Мира вытащила из-под желтой курточки цепочку, висевшую на шее, убогую цепочку с убогим медальоном. В маленьком обруче из меди между пластиковыми кружочками лежал засушенный желтый четырехлепестковый листок клевера.
Фабер судорожно сглотнул.
Нет, — подумал он, — не надо, пожалуйста, не надо!
— Ты помнишь? Ты подарил мне это на счастье, чтобы оно всегда было со мной. И я подарила тебе такую же цепочку с кленовым листком, мы купили это там, у Национальной библиотеки.
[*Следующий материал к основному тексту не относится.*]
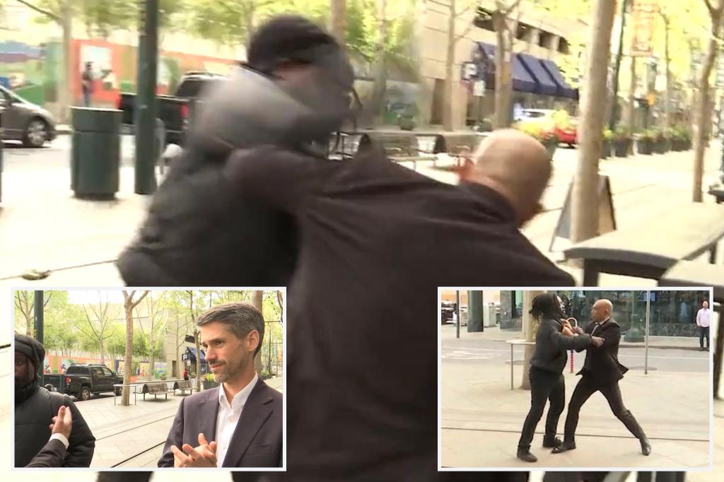Guard for San Jose Mayor Matt Mahan and passerby get into fight during TV interview
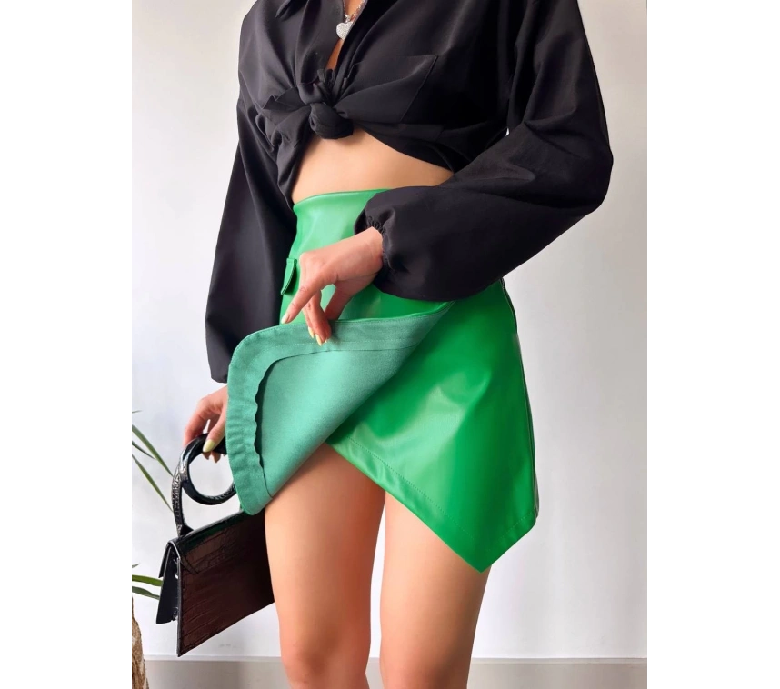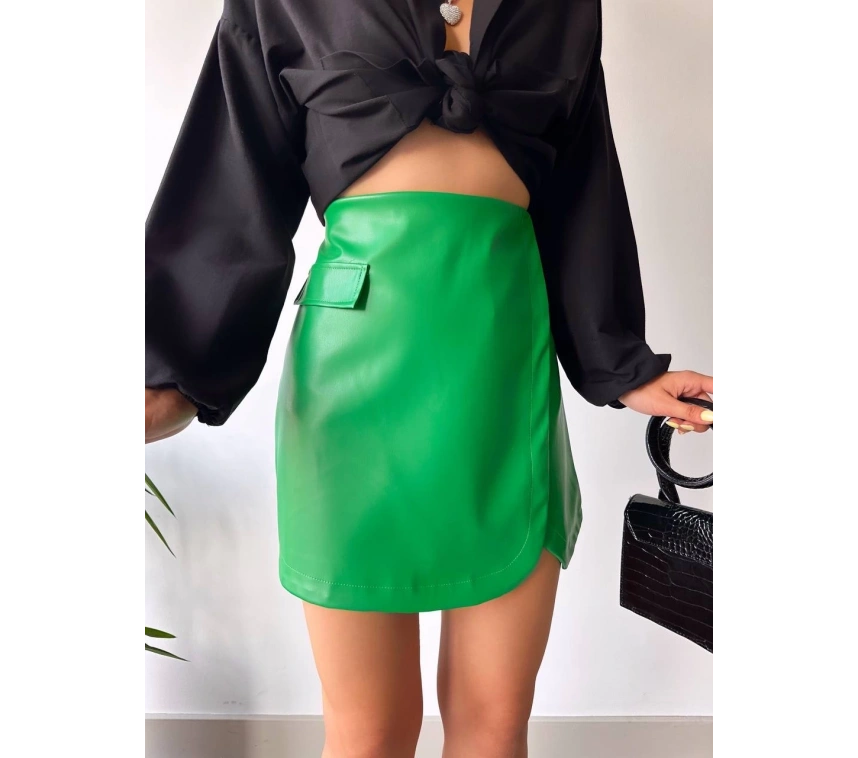 Şıklığı ve rahatlığı bir arada arayan kadınların tercihi olan Cep Detaylı Oval Kapaklı Deri Etek Yeşil, şıklığı seven kadınların gardırobunda mutlaka bulunmalı.
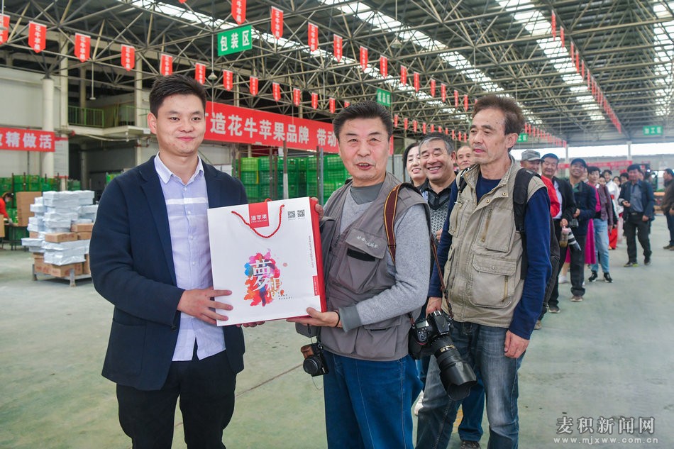 麦积区融媒体中心讯(特约记者 陈治平)金秋时节,花牛飘香。为了描绘花牛苹果的丰收景象,展示花牛苹果的色、质、形,品尝花牛苹果的香甜可口、香味四溢的优良品质,加大花牛苹果宣传力度,助力花牛苹果销售,促进花牛苹果产业发展,同时,也给摄影人提供一个创作的平台。在新中国成立71周年前夕,应天水花牛苹果(集团)有限责任公司邀请,天水市麦积区摄影家协会,《华夏文明导报·天水周刊》、一周天水网举办了“聚焦花牛 助力产业 促进销售 献礼国庆”为主题的“天水摄影家走进花牛苹果集团潘苹果基地”采风活动。
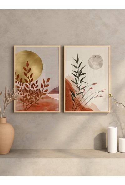 AR AJANS KANVAS TABLO Güneş & Ay Botanik Seti 2lü Set Çerçevesiz Mdf Tablo
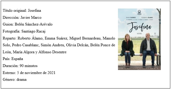 Un pretexto idóneo para mostrar la salvación a través de la sencillez de guion, de la humanidad y de la compañía flemática que, nos cuenta una historia de personajes que, pudiendo parecer banal y cotidiana, cala por dentro al mostrarnos una problemática tan importante como lo son las carencias emocionales y afectivas (comunicación, soledad…), el derecho a volver a ser feliz a través de la redención y la impotencia por no poder ayudar a nuestros seres más queridos. Para mostrar todo esto es imprescindible la fotografía de Santiago Racaj que no solo nos muestra acciones tan cotidianas como cenar un trozo de tortilla recalentado en la cocina, esperar al autobús o pasear al perro -actividades tan banales pero necesarias para describir psicológicamente a los personajes- sino que lo hace a través del color desteñido y mediante el uso de la cámara estática donde enmarca a los personajes en habitaciones tan vacías como su interior, pudiendo comprobar así cómo los propios espacios engullen en ciertas ocasiones a los personajes que se encuentran perdidos. Aunque, hay que indicar que si bien Josefina parece un filme completamente triste, encontramos ciertas pinceladas de humor que acaban de completar la historia de esta película producida por White Leaf Producciones en coproducción con Hoja en blanco AIE y en asociación con Featurent y distribuida en España por Super8.
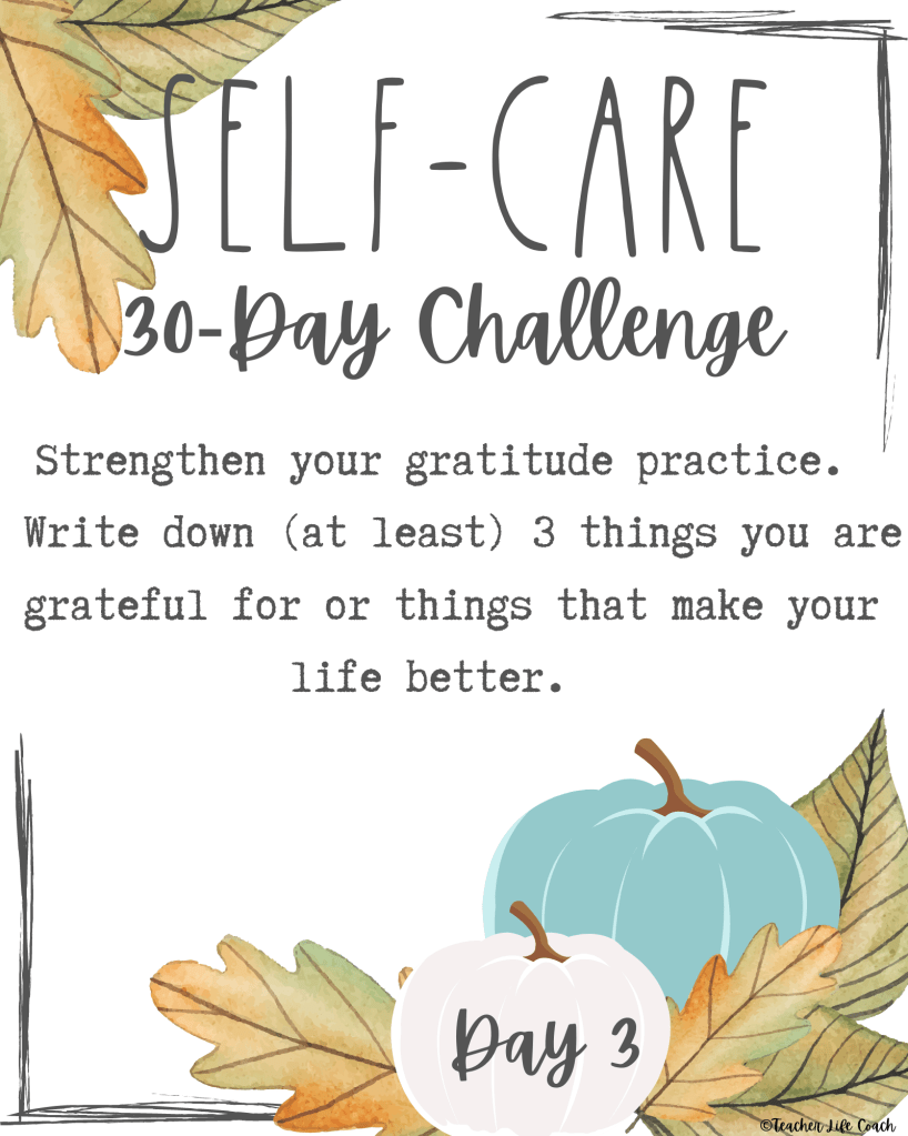Today we will focus on strengthening our gratitude. “How is that self-care,” you might ask. Well, it is proven that we can rewire our brains to be happy by simply recalling three things we are grateful for every day for 21 days. And when our brain is happy, our body is happy and our soul is happy.
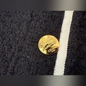 • Buttons: Striking gold-plated embossed “Celine Paris” buttons featuring the iconic horse & carriage emblem
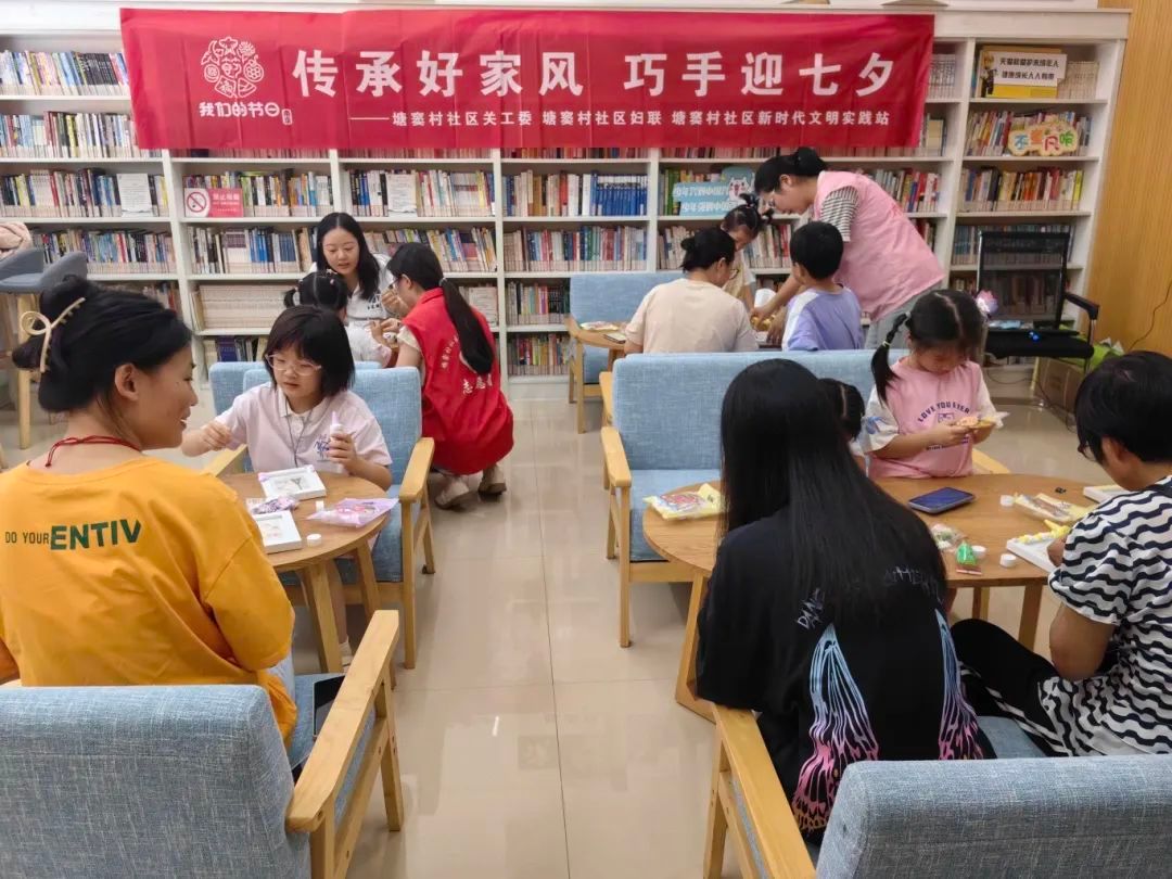 石湫街道塘竇村社區新時代文明實踐站開展“我們的節日——傳承好家風 巧手迎七夕”主題親子DIY畫框活動,邀請轄區親子家庭了解七夕由來和習俗,制作愛的相框,在動手實踐中學習和傳承良好的家風家訓。
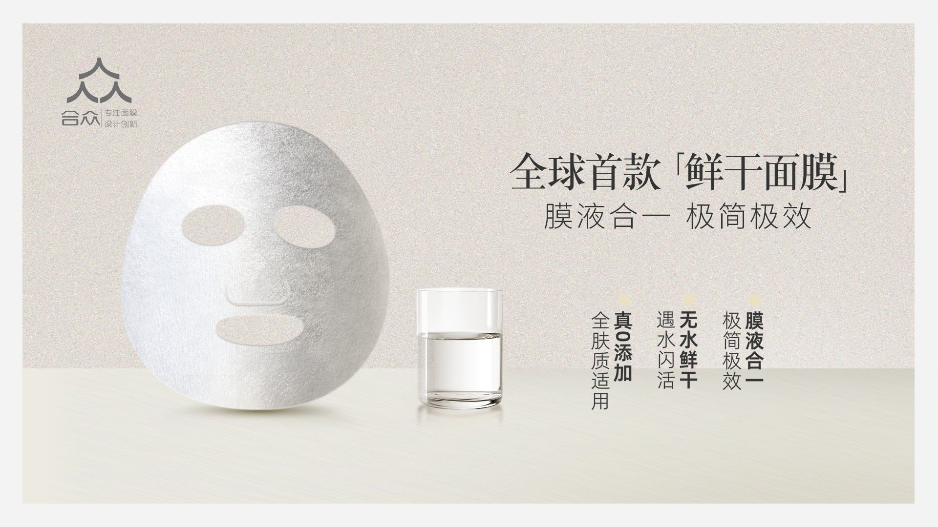 而合众集团专注膜布创新20多年,也清楚意识到,中国面膜市场的增长虽有放缓,但面膜依旧是化妆品领域表现最好品类之一。所以自2015年起,合众集团就深入市场调研面膜品类存在的痛点,后经过团队历时多年钻研,终于推出全球首款“自带功效,遇水闪活”的“合一·鲜干面膜”。
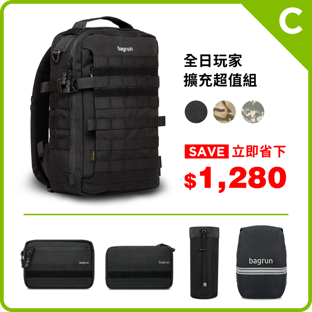 bagrun團隊特別針對台灣人日常使用背包的習慣與喜好,打造出這款輕量、耐磨、具超強擴充性能的後背包,適合習慣每天背後背包出門的人,使用立挺有型的軍規機能面料,用久也不扁塌。
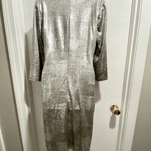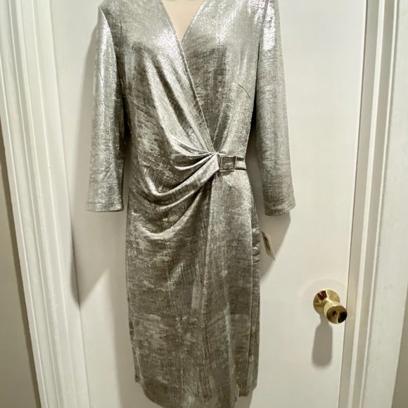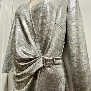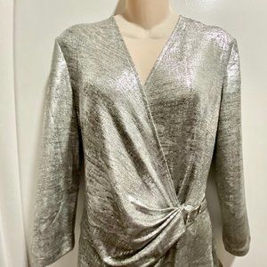 Up for sale is this stunning wardrobe must quiet Luxury retro 20s minimalist Anne Klein Christmas Holiday Metallic Silver Drape Waist Faux Wrap Midi Holiday Special Occasion Dress with a waist drape and crystal belt. New with tag condition, retail - $119. Size 10, let me know if you need measurements. Check my other dresses.
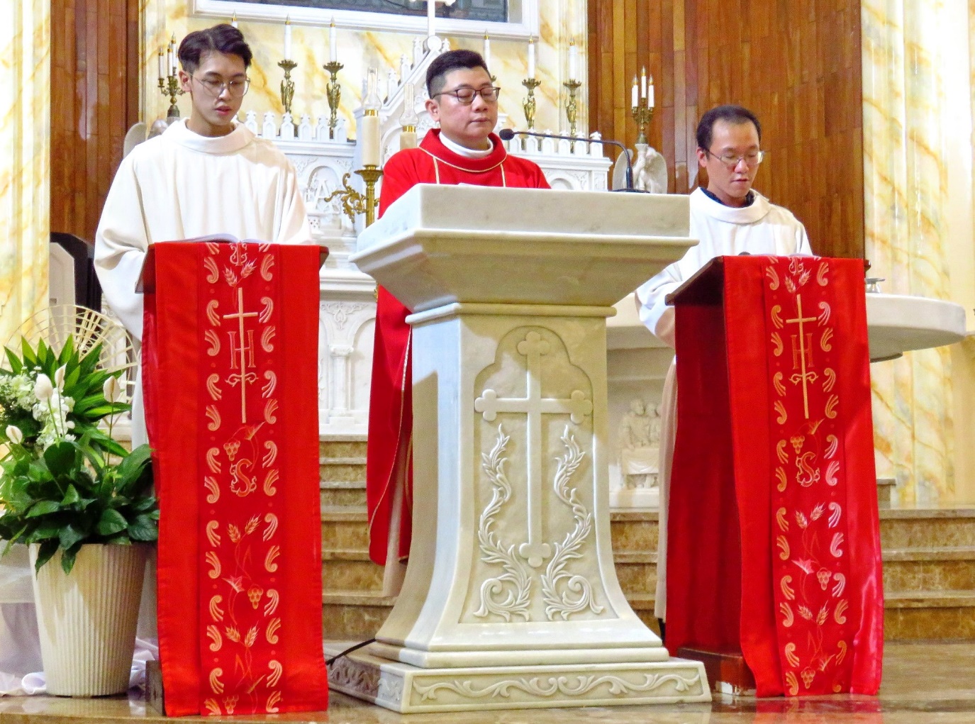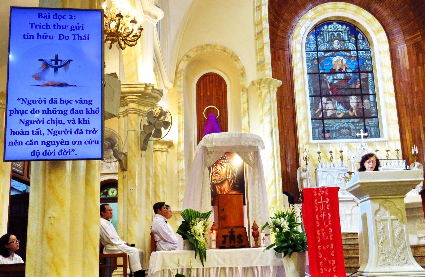 Gồm: bài đọc 1 trích sách ngôn sứ Isaia, bài đọc 2 trích trong thư Thánh Phaolô gửi tín hữu Do Thái. Sau cùng là Bài Thương Khó Chúa Giêsu theo Thánh Gioan do cha phó Antôn và hai ca viên hát.
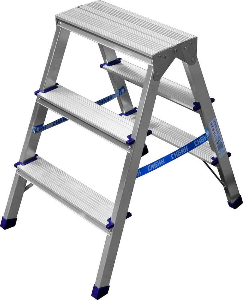 ПроизводителиЛестница-стремянка двухсторонняя алюминиевая, 3 ступени (38825-03) СИБИН
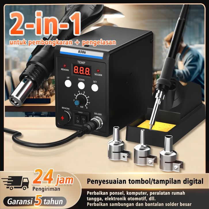 Murah Stasiun Solder 8586 700W 2 in 1 Digital Display SMD Ulang Hot Air Solder Besi 220V ESD Las Pematrian Alat Perba
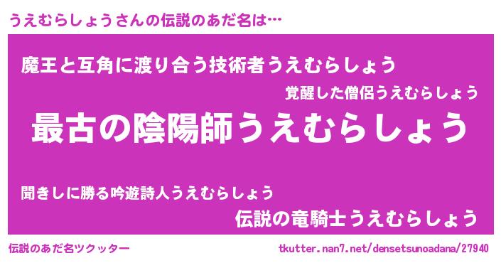 | 女子向けラノベタイトル風あだ名 | 『乙女ゲームの破滅フラグしかない悪役うえむらしょうに転生してしまった…』 |
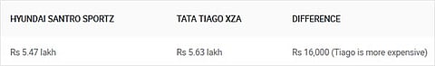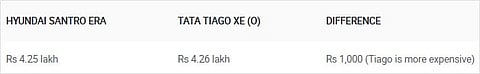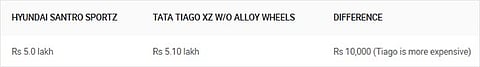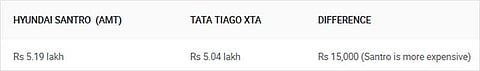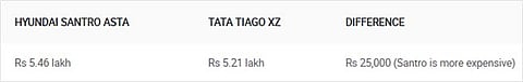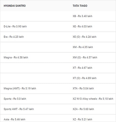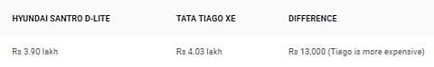Hyundai has launched the Santro, in a new avatar, after a three-year hiatus in India. The hatchback is priced in the Rs 3.90 lakh-Rs 5.46 lakh (ex-showroom India) price bracket. This particular price range has a lot of other options, and one of them is the popular Tata Tiago. To make things simpler, we pit select variants of the Hyundai Santro against those of the Tata Tiago to find out which offers more bang for your buck.
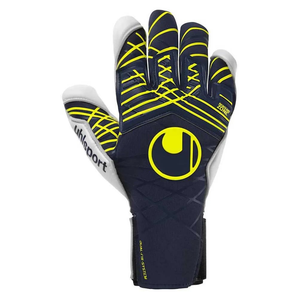 uhlsport fotbollsmålvaktshandskar Prediction Absolutgrip Skin Cut, 7, marinblå/vit/fluo gul

Национальная библиотека разрушена, разрушен весь квартал, там одни развалины, а под развалинами — погибшие… очень много погибших… Один мой друг, еврей Давид Пардо, всегда ходит по городу, каждый день, и когда бомбы падают, и стреляют, и гранаты рвутся — ему совершенно безразлично, умрет он или нет, он потерял все, близких, и друзей, и свое имущество — этот Давид Пардо однажды мне сказал: «Мира, в истинной трагедии погибает не герой, а хор!». И этот же Давид Пардо, который всегда ходит по городу, и никогда его ничего даже не зацепит, хотя он очень хочет умереть, сказал мне: «Мы в Сараево поставили важный эксперимент. Что происходит с современным городом, если лишить его основ цивилизованного образа жизни: электричества, газа, воды, средств коммуникации и продуктов питания? Эксперимент должен показать, как быстро при таких обстоятельствах люди разъединяются и становятся врагами. Этот эксперимент имеет большое значение для будущего, близкого будущего». Так сказал Давид. И, как видно, все это происходит очень быстро. Уже нет единения между людьми, каждый друг другу враг. Это правда. Кто говорит другое, лжет. Мир знает это. Мир — неподкупный наблюдатель… У тебя, конечно, нет моего кленового листочка, Роберт?
— Нет, — сказал он, — это ужасно, Мира, но я его потерял в Америке… Я долго искал, но не смог уже найти…
— Как мог ты сохранить цепочку после стольких лет! Это невозможно.
Он сказал беспомощно:
— Женщина, которая была вчера здесь… которая так кашляла… где она?
— Ее перевели в другое отделение. Я теперь одна.
— Почему… — Он умолк.
— Что почему?
— Почему ты никогда не дала мне знать, что у нас есть дочь? — спросил он.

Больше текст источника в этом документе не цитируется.